Although Nucor strived to keep wages low, research shows that it has the most satisfied
employees in the industry. Nucor provides job security to all employees, having never needed
to initiate mass lay-offs. Nucor also offers excellent fringe benefits, including group health
insurance and education reimbursement for its employee’s children. All employees are also
given incentive pay for working hard and meeting production goals.

Nucor was in a great position for future success because the industry was fragmented and
there were many small competitors. Unfortunately for Nucor though, the U.S. government
continually gave subsidies to these smaller mills, which allowed them to simply “limp along
and weaken the industry.”

In the early twenty-first century, the U.S. steel industry, overall, was in trouble. According to
The Economist, Nucor was the only U.S. steel company that was “indisputably healthy.”
Because of an increasing amount of cheap imports, rising energy prices, and decreasing
demand, over a dozen U.S. producers were now operating under Chapter 11 bankruptcy-law
(this protection allowed bankrupt companies to sell steel cheaper than non-Chapter 11
companies).

In order to help protect domestic producers from cheap imports, President Bush imposed
“antidumping tariffs” in March 2002. By the end of the year, domestic steel prices had risen
40 percent, but international hostility was increasing. In November 2003 the WTO ruled
against the tariffs and Bush was forced to withdraw. For these and other reasons Nucor
struggled in 2002 and 2003, but did remain profitable in all quarters.
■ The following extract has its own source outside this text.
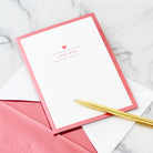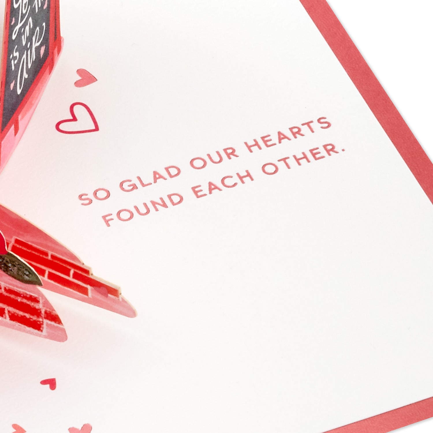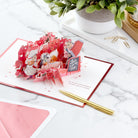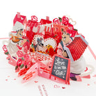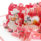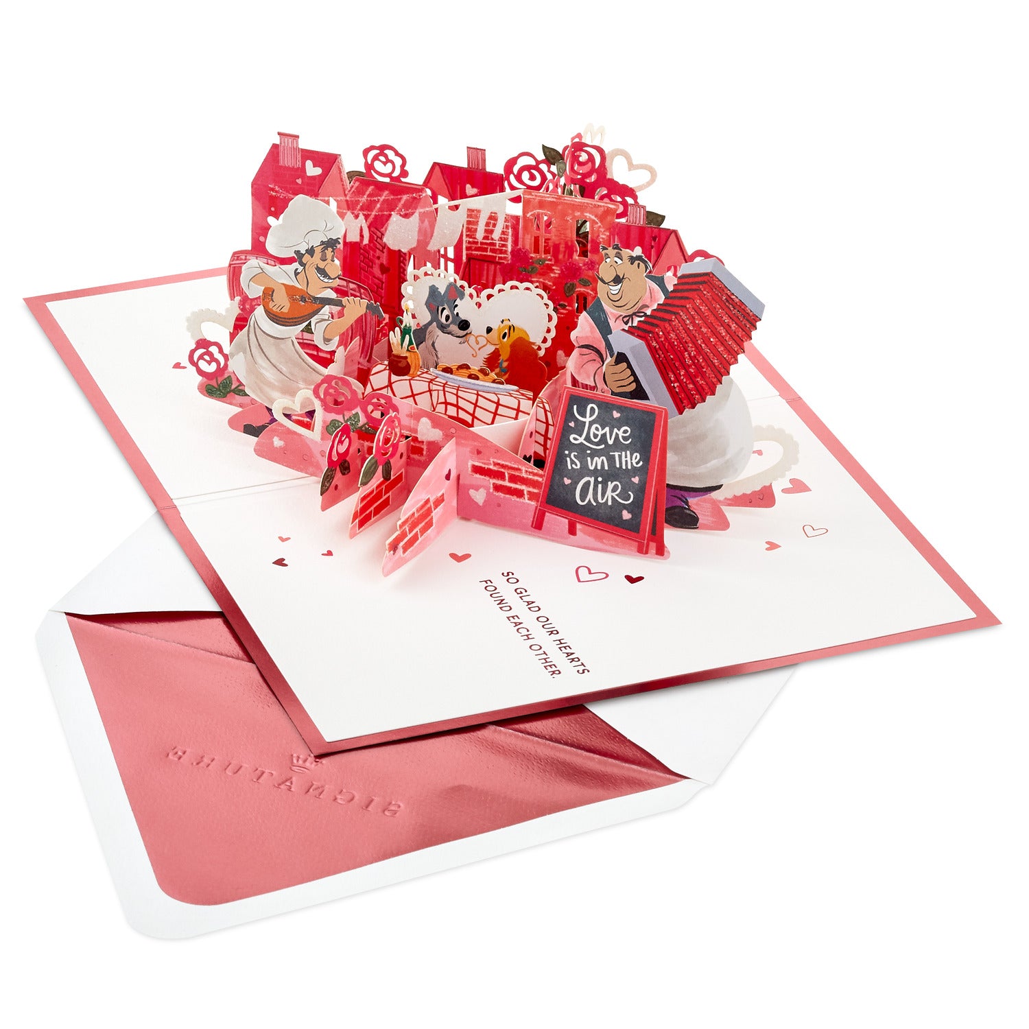 ハートのアイコンと「Love You」のメッセージ、そして光沢のあるピンクの箔の縁取りが特徴のポップアップグリーティングカード。中には、レーザーカットで精巧に作られた、ディズニー映画『わんわん物語』のスパゲティ・ディナーでのキスシーンが飛び出す仕掛けが施されています。

During this time period, international steel producers were also becoming increasingly
consolidated. Much of the domestic scrap steel was now being exported to these international
conglomerates making it difficult for Nucor to find affordable raw materials. By 2004 Nucor
was facing an increasingly uncertain environment. There was much new technology being
developed that would decrease the need for scrap steel and other raw materials, but it was not
yet well enough developed that Nucor could starting using it.

In order to remain competitive Nucor must continue to acquire new steel mills in order to
keep up with foreign conglomerates. Nucor needs also to strengthen its relationships with
producers / miners of raw materials by becoming key stakeholders or setting up strategic
alliances with these companies. Finally, Nucor should begin investing more in research and
development rather than just copying the technology of other producers. As the industry
becomes more consolidated it is going to become more difficult to copy other producer’s
technology. Plus Nucor should invest in R & D simply to try to stay ahead of the competition.